Résumé de la décision
La Cour de Cassation, en audience publique le 14 février 2001, a examiné les pourvois formés par Julien X, Mignonette Y, et Patricia A contre un arrêt de la cour d'appel de Basse-Terre. Cette dernière avait condamné Julien et Mignonette pour violences aggravées et séquestration à six mois d'emprisonnement avec sursis, et Patricia pour violences aggravées à quatre mois d'emprisonnement avec sursis. Les pourvois ont été rejetés, confirmant ainsi les condamnations prononcées par la cour d'appel.
Arguments pertinents
1. Sur le premier moyen de cassation : Les demandeurs ont allégué une violation des articles 459 et 186 du Code de procédure pénale en raison de l'absence de visa du texte de répression dans l'ordonnance de renvoi. La Cour a jugé que cette absence n'avait pas créé de doute sur l'infraction reprochée, laquelle était correctement qualifiée. La décision précise que "le moyen ne saurait être accueilli".
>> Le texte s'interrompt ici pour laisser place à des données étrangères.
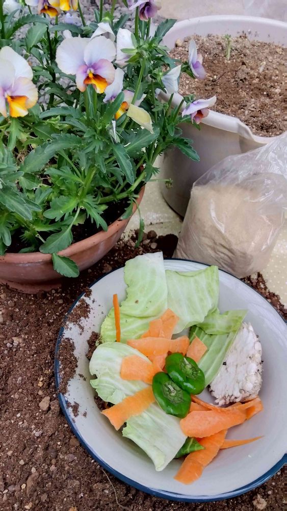 野菜くずを土に戻して古い土を再生する生ゴミ堆肥コンポストを続けています。
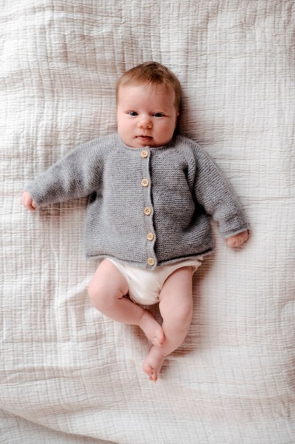 Jakken strikkes i Lun Merino, et mykt og luftig kardegarn av merinoull. Maskene legger seg jevnt og pent, og rillestrukturen fremheves uten at plagget blir tungt eller kompakt. På kroppen er følelsen lun, nær og behagelig. Lun Merino gir varme uten tyngde, samtidig som det er skånsomt mot huden. Resultatet er mykt, komfortabelt og vakkert.
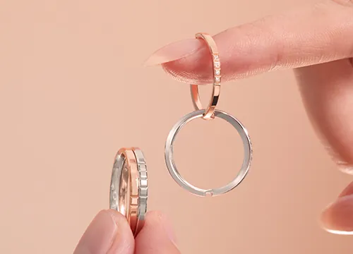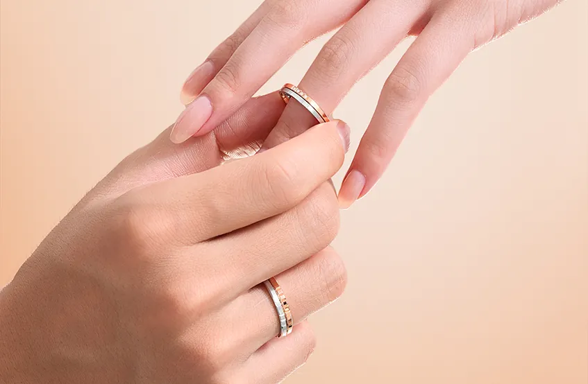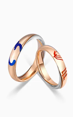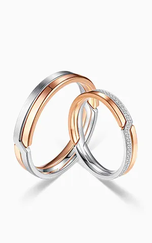 两枚如流线般交织的分戒, 在爱意中流转,相拥,一生相爱相守……
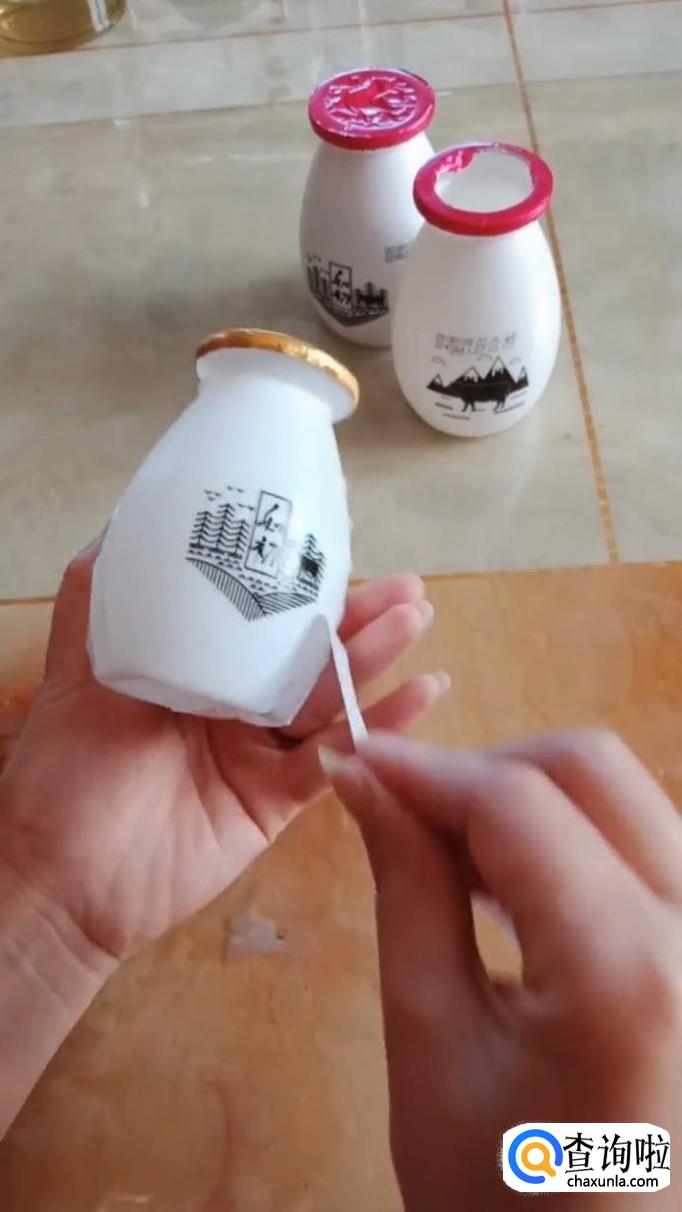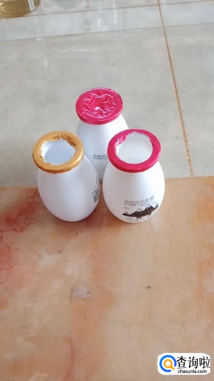 准备三个酸奶瓶,用水冲洗干净后,将酸奶盖去掉备用。
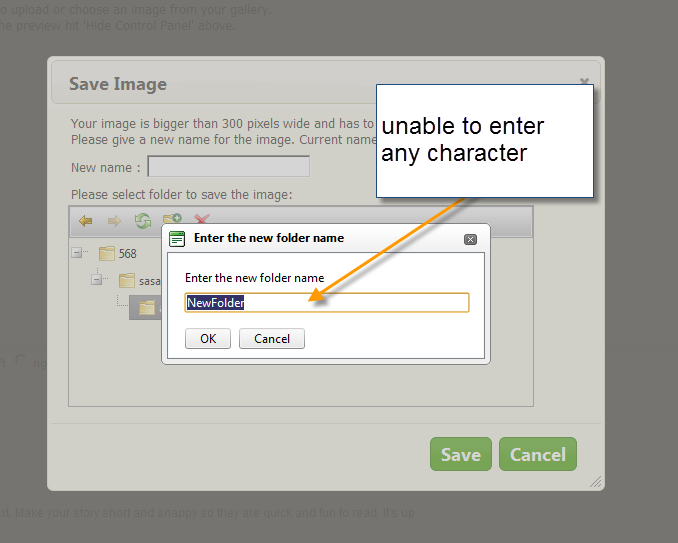 when i wanted to create a new folder, I was not able to type any character into the input element nor delete the default name.
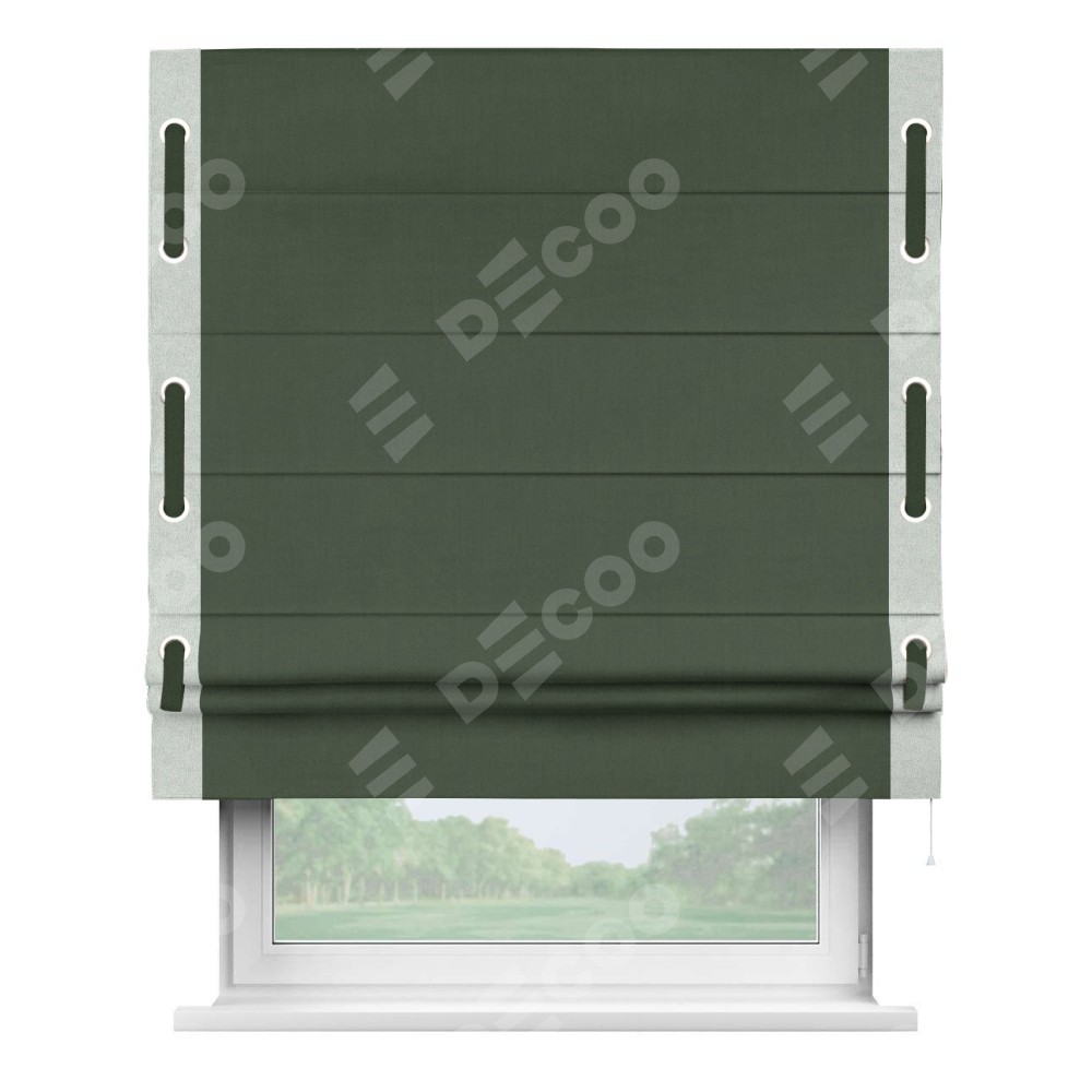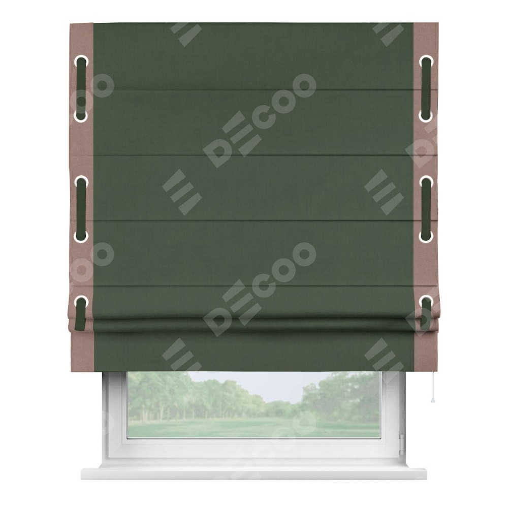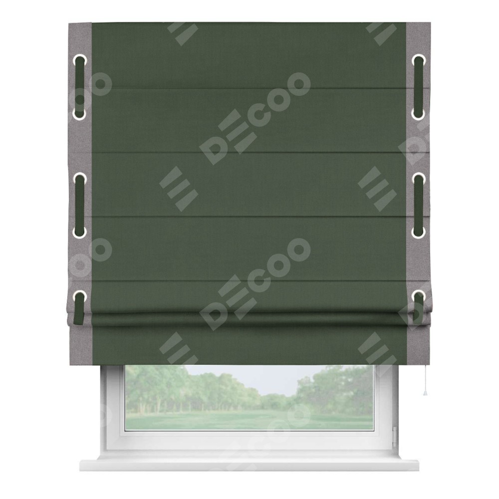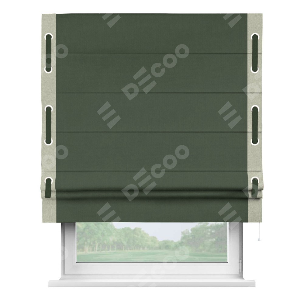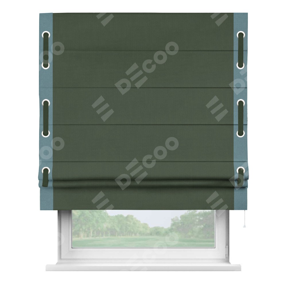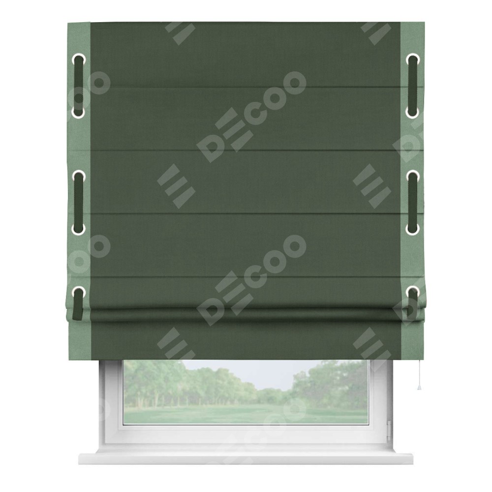 Римская штора «Кортин» с кантом Стрим Дуо (люверсы с пояском), для проема, лён блэкаут зелёный

2. Sur les moyens suivants : Les autres moyens, qui remettaient en question l'appréciation des faits par la cour d'appel, ont également été rejetés. La Cour a constaté que l'arrêt attaqué permettait de s'assurer que la cour d'appel avait répondu de manière adéquate aux conclusions des parties et avait caractérisé les délits en tous leurs éléments. La Cour a affirmé que "les moyens qui se bornent à remettre en question l'appréciation souveraine, par les juges du fond, des faits et circonstances de la cause, ainsi que des éléments de preuve contradictoirement débattus, ne sauraient être admis".
Interprétations et citations légales
1. Code de procédure pénale - Article 459 : Cet article stipule les conditions de l'ordonnance de renvoi. La Cour a interprété que l'absence de mention d'un texte de répression ne constitue pas un vice de procédure si l'infraction est clairement identifiée.
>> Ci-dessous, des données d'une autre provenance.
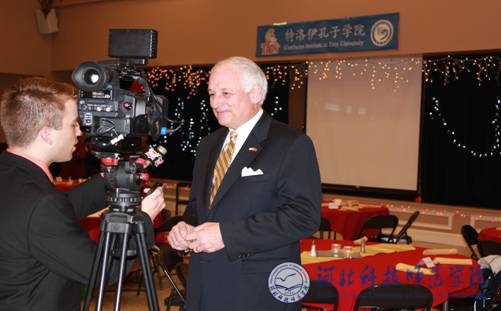 特洛伊大学校长霍金斯博士在晚会上接受特洛伊电视台采访
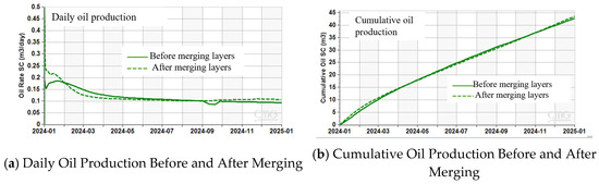 To check this layer merging accuracy and efficiency, daily and cumulative oil production data before and after layer merging were compared (Figure 7), with a very good consistency, showing that the layer merging is necessary and efficient.
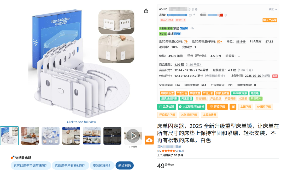 高客单价69.99$ 旺季月销13000+
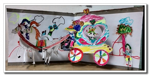先在纸上画图样,我画了马和车,其他的都是婷画的,公主、侍从、背景,公主很漂亮,侍卫很精神,背景也挺热闹,可惜一粘贴被挡住了不少。上色自然也是婷的工作。
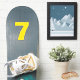 Número Sete. Número 7 Número individual como autocolante. Dourado e branco. 8 x 8 polegadas
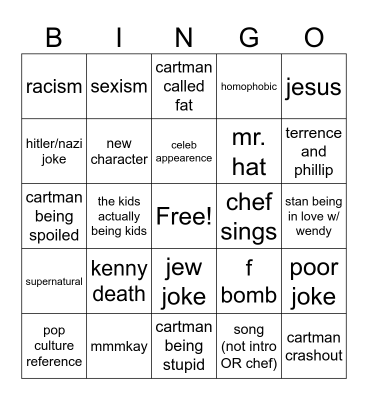 This bingo card has a free space and 24 words: kenny death, mmmkay, celeb appearence, pop culture reference, jesus, racism, hitler/nazi joke, sexism, chef sings, jew joke, mr. hat, cartman being spoiled, f bomb, poor joke, new character, song (not intro OR chef), stan being in love w/ wendy, cartman called fat, terrence and phillip, the kids actually being kids, cartman crashout, supernatural, homophobic and cartman being stupid.
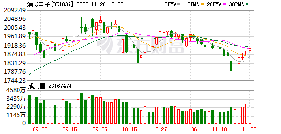 中国银河证券研报指出,消费电子板块经调整后已有性价比。数据显示,iphone17销量同比大幅增长,建议关注果链相关标的低位布局机会。可持续关注AI眼镜等新型消费电子品类投资机会。
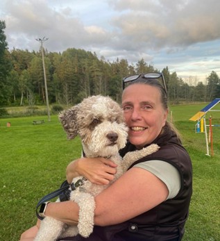 Ofta hittar ni mig tillsammans med min Lagotto Romagnolo, Fia. Vi brukar ta cykelturer i närområdet och stannar gärna till vid klubben för en vätskepaus, lite nosework eller lydnadsträning. Det är en härlig plats att landa på – både för två- och fyrbenta.

2. Code pénal - Article 224-1 : Cet article traite de la séquestration. Les demandeurs ont contesté l'application de cet article, mais la Cour a confirmé que les éléments constitutifs de la séquestration avaient été correctement établis par la cour d'appel.
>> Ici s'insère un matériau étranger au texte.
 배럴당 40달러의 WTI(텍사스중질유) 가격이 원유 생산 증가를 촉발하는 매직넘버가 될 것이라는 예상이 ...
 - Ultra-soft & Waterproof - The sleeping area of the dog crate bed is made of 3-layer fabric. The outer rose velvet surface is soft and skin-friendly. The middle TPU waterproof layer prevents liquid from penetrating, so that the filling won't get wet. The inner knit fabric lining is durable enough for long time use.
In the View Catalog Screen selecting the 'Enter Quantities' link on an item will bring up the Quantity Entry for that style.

3. Code pénal - Articles 222-12 et 222-13 : Ces articles définissent les violences aggravées. La Cour a noté que la cour d'appel avait suffisamment caractérisé les éléments matériels et intentionnels des délits, ce qui a permis de rejeter les moyens de cassation.
En conclusion, la décision de la Cour de Cassation a confirmé la régularité de la procédure et l'appréciation des faits par la cour d'appel, rejetant ainsi les pourvois des demandeurs.